I'm not an SMF expert, but let me take a crack at that.  I'm assuming 
that "mydaemon -D" straightforwardly runs until killed...

---

<service_bundle type='manifest' name='mydaemon'>
   <service
         name='application/mydaemon'
         type='service'
         version='1'>
     <instance name='default' enabled='true'/>
     <exec_method
                type='method'
                name='start'
                exec='/usr/local/sbin/mydaemon -D & exit 0'
                timeout_seconds='60' />
     <exec_method
                type='method'
                name='stop'
                exec=':kill'
                timeout_seconds='60' />
   </service>
</service_bundle>

---

Take that and put it in /var/svc/manifest/application/mydaemon.xml.
If you're delivering it in a package, make its class be "manifest" and 
you're done.
If you're just copying it into place, feed it to svccfg import.

I haven't tested that, and so I might have missed a detail or two - in 
particular, I'm not sure that shell syntax is acceptable in a method 
invocation, so it might be necessary to interpose a 3-line shell script 
- but I don't think it's a lot more complicated than that.

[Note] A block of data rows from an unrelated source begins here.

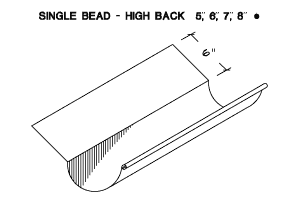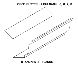 - High Back Gutters: Available in all profiles. Eliminates need for separate eave drip edge. Roof flange insures no blowing rain gets behind gutter to soak wood and cause rotting. Can be installed with roof mount hangers or internal brackets.
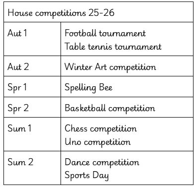 Inter house competitions are held every half term. The House events calendar is planned out for the year and the children enjoy taking part in, as well as supporting the various competitions on offer.
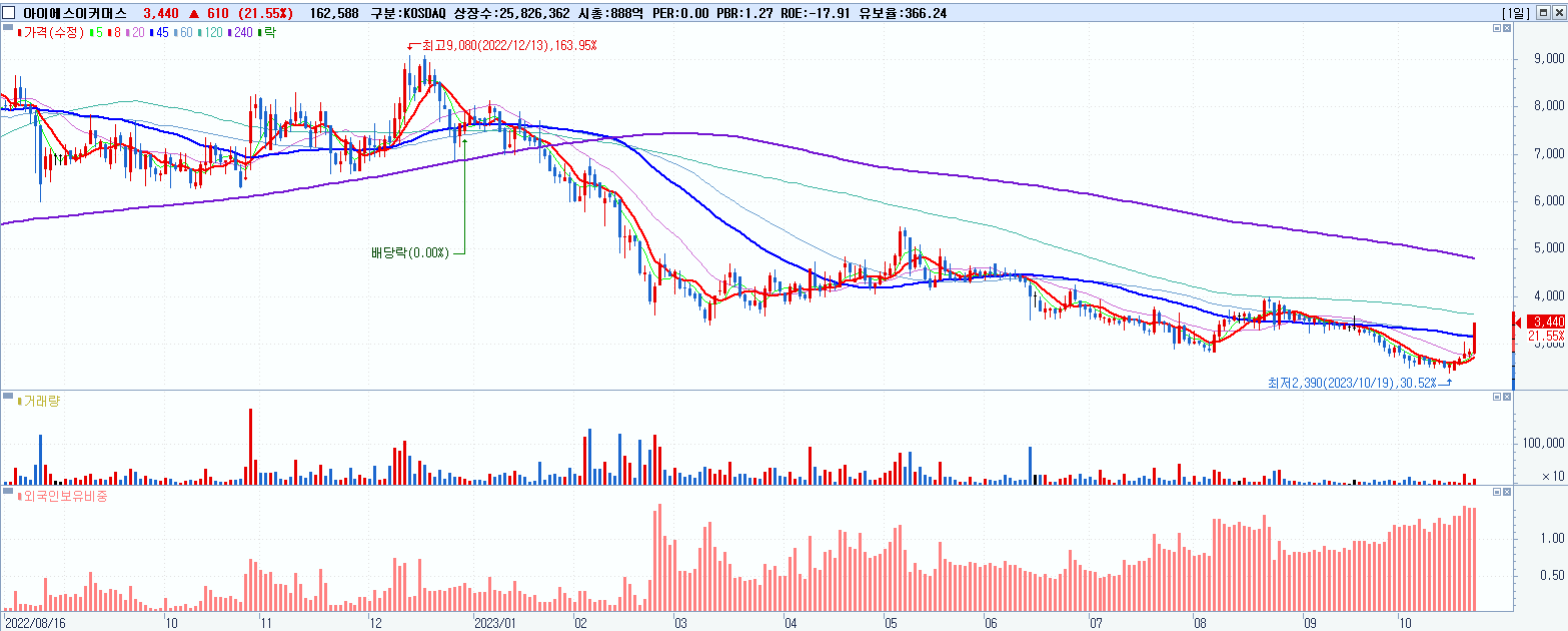 - 아이에스이커머스 (3,440원 ▲ 21.55% , 시총: 888억, 거래량: 192,119, 거래대금:6억)
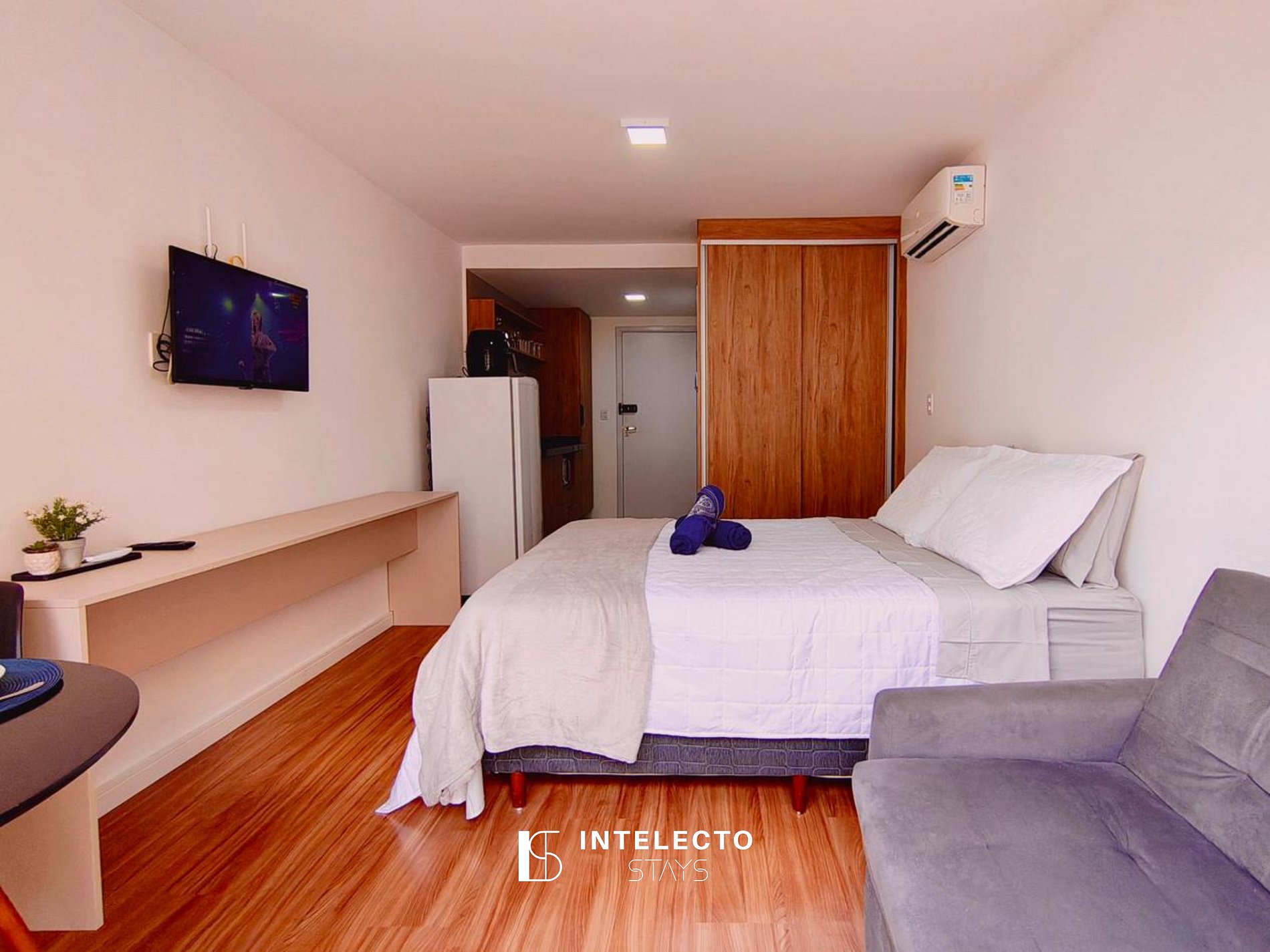 - Espaços integrados (quarto com cama queen e sala de estar com sofá-cama) com armários e guarda-roupas planejados

That seems to compare pretty favorably to a "traditional" mechanism. 
Not that a traditional start script is all that hard, but a traditional 
kill script is harder, since you have to track a pid (and are you sure 
that pid still belongs to your daemon?) or hunt down instances of your 
daemon with pgrep (and are you sure there aren't any false matches?).

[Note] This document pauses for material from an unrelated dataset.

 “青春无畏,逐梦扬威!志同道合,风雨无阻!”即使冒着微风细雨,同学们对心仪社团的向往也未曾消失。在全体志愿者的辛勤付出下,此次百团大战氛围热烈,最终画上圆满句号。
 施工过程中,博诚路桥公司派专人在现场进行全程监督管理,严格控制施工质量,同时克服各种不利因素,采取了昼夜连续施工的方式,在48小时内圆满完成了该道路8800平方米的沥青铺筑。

Of course, this is a very minimal service, but that's what you asked 
for.  If you want to express dependencies, it's a little more 
complicated (but then in a traditional configuration we'd have to talk 
about where to put the script in the S* and K* sequences).  If you want 
to include configuration information, that too is more work, but so it 
would be in a traditional configuration.  If you want to properly track 
whether the service came up, that's a bit harder... but again, it'd be 
harder in a traditional environment, and here there's a clear mechanism 
for reporting and handling the failure.

Yes, it's very _different_ from the traditional mechanism, but in an 
absolute sense is it _harder_?

Note that even in this minimal example, you get significant gains over a 
traditional installation:

- Your service is visible in service lists.
- Its output is logged in an organized way.
- The administrator can enable and disable it.
- If the administrator manually enables it, it gets the standard 
environment, not the administrator's personal environment.
- There's zero risk of hitting the wrong program when you kill it.
- It starts in parallel with other services, for better boot performance.
- It's automatically restarted if it dies.

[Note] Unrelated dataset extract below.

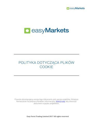 POLITYKA DOTYCZĄCA PLIKÓW COOKIE Prawnie obowiązującą wersją tego dokumentu jest wersja angielska. Niniejsze tłumaczenie ma jedynie charakter informacyjny. Kliknij tutaj, aby otworzyć dokument w języku angielskim. Easy Forex Trading Limited 2017 All rights reserved. Polityka dotycząca plików cookie Korzystając z naszej strony, użytkownik zgadza się na przechowywanie i używanie przez nas plików cookie na swoim urządzeniu. Ma to na celu ułatwienie użytkownikowi korzystania ze strony. Czym są pliki cookie? Pliki cookie to małe pliki tekstowe, które podczas dostępu do internetu są wysyłane na urządzenie użytkownika (np. komputer stacjonarny, laptop, smartfon lub tablet/phablet), gdy użytkownik po raz pierwszy odwiedza daną stronę internetową, a następnie przechowywane na tych urządzeniach. Dlaczego pliki cookie są przydatne? Pliki cookie pozwalają stronie rozpoznać urządzenie użytkownika. Celem zastosowania plików cookie jest bardziej wydajne i komfortowe korzystanie ze strony przez użytkownika. Kategorie plików cookie przechowywanych na urządzeniu użytkownika 1. Podstawowe pliki cookie Pliki cookie, które są niezbędne do obsługi strony internetowej (np. jej funkcji i dostępu do zabezpieczonych obszarów). Bez tych plików cookie niektóre opcje na naszej stronie mogą nie być dostępne. Użycie podstawowych plików cookie jest dla nas niezwykle ważne ze względu na jakość usług świadczonych na rzecz naszych użytkowników. 2. Pliki cookie związane z wydajnością Pliki cookie związane z wydajnością analizują sposób, w jaki osoby odwiedzające korzystają z naszej strony internetowej, a także monitorują wydajność witryny. Te pliki cookie nie zbierają żadnych informacji, które pozwalałyby zidentyfikować użytkowników odwiedzających naszą stronę. 3. Funkcjonalne pliki cookie Easy Forex Trading Limited 2017 All rights reserved. Funkcjonalne pliki cookie pozwalają nam zapamiętać preferencje użytkowników i zapewniać im lepsze lub bardziej dopasowane funkcje. Te pliki cookie pamiętają dokonane przez użytkowników wybory, aby ułatwić im korzystanie ze strony. 4. Pliki cookie do reklam behawioralnych (osoba trzecia) Pliki cookie osób trzecich są wysyłane przez firmy zewnętrzne za pośrednictwem naszej witryny. Firmy zewnętrzne to między innymi sieci społecznościowe i kanały reklamowe, z których korzystamy. Te pliki cookie służą do zbierania informacji o zwyczajach użytkowników w zakresie korzystania z przeglądarki. Są to na przykład: polubienie strony, podzielenie się informacją, obejrzenie reklamy oraz typ przeglądarki/systemu operacyjnego wykorzystywanego przez użytkownika. Pliki cookie tego typu pomagają sprawdzić i zmierzyć skuteczność naszych reklam. W razie potrzeb każdy użytkownik może zrezygnować z tych plików cookie i w dalszym ciągu korzystać z naszej strony internetowej. Jakie pliki cookie wykorzystuje easyMarkets? Nazwa plików cookie Live Person Webeyez auth _ga Okres przechowywania Session Session Sesja 2 lata Opis / Kategoria Controls Live Person chat window Website visitor information/analytics Plik cookie uwierzytelniania API Śledzenie – stosowane do odróżniania użytkowników / osoba trzecia (Google) _gat 10 minut Stosowane do ograniczenia żądań / osoba trzecia (Google) Lista plików cookie będzie aktualizowana na bieżąco. Zarządzanie plikami cookie Niektóre pliki cookie są usuwane w momencie zamknięcia przeglądarki. Są to tak zwane pliki cookie sesji. Inne są przechowywane i pozostają na urządzeniu użytkownika do momentu wygaśnięcia lub ręcznego usunięcia. Nazywane są one trwałymi plikami cookie. Większość przeglądarek internetowych (np. Microsoft Internet Explorer, Mozilla Firefox, Google Chrome, Apple Safari) jest ustawionych tak, aby akceptować pliki cookie. Pozwalają one także kontrolować ustawienia plików cookie i Easy Forex Trading Limited 2017 All rights reserved. usuwać/blokować pliki cookie już zapisane na urządzeniu. Informacje o tym, jak to zrobić znajdują się w opcji „Pomoc” przeglądarki użytkownika. Jak już wspomniano, pliki cookie są często używane do włączania i usprawniania niektórych funkcji na naszej stronie internetowej. Wyłączenie niektórych plików cookie może mieć wpływ na to, jak nasza strona będzie działać. Za każdym razem, kiedy użytkownik korzysta z nowego urządzenia, musi dokonać zmian w przeglądarce, jeśli chce wyłączyć pliki cookie. Przydatne informacje na temat plików cookie Więcej informacji na temat plików cookie można znaleźć na stronie www.youronlinechoices.com. Ten dokument został zaktualizowany po raz ostatni w grudniu 2015 r. Ostrzeżenie o ryzyku: Kontrakty terminowe na stopę procentową, opcje i kontrakty finansowe na transakcje różnicowe (transakcje pozagiełdowe) to produkty wykorzystujące dźwignię finansową, które są obarczone znacznym ryzykiem straty (do całej wartości zainwestowanego kapitału) i nie są Easy Forex Trading Limited 2017 All rights reserved. odpowiednie dla każdego gracza. Konieczne jest poznanie i zrozumienie potencjalnych zagrożeń. Nie należy inwestować pieniędzy, na których stratę nie można sobie pozwolić. Prosimy zapoznać się z pełną wersją ostrzeżenia o ryzyku. Easy Forex Trading Ltd (CySEC – numer licencji 079/07). Easy Forex Trading Limited 2017 All rights reserved.

(Note to SMF core team:  This could be a bit simpler still.  Have 
defaults for more of the attributes.  The default for the "type" 
attribute on <service> could be "service".  The default for the "type" 
attribute on exec_method could be "method".  I wonder whether the 
various types of service_bundle would be better done as different 
element names, eliminating the "type" attribute.  Can there be a default 
for timeout_seconds?  Perhaps the stop method could default to :kill.)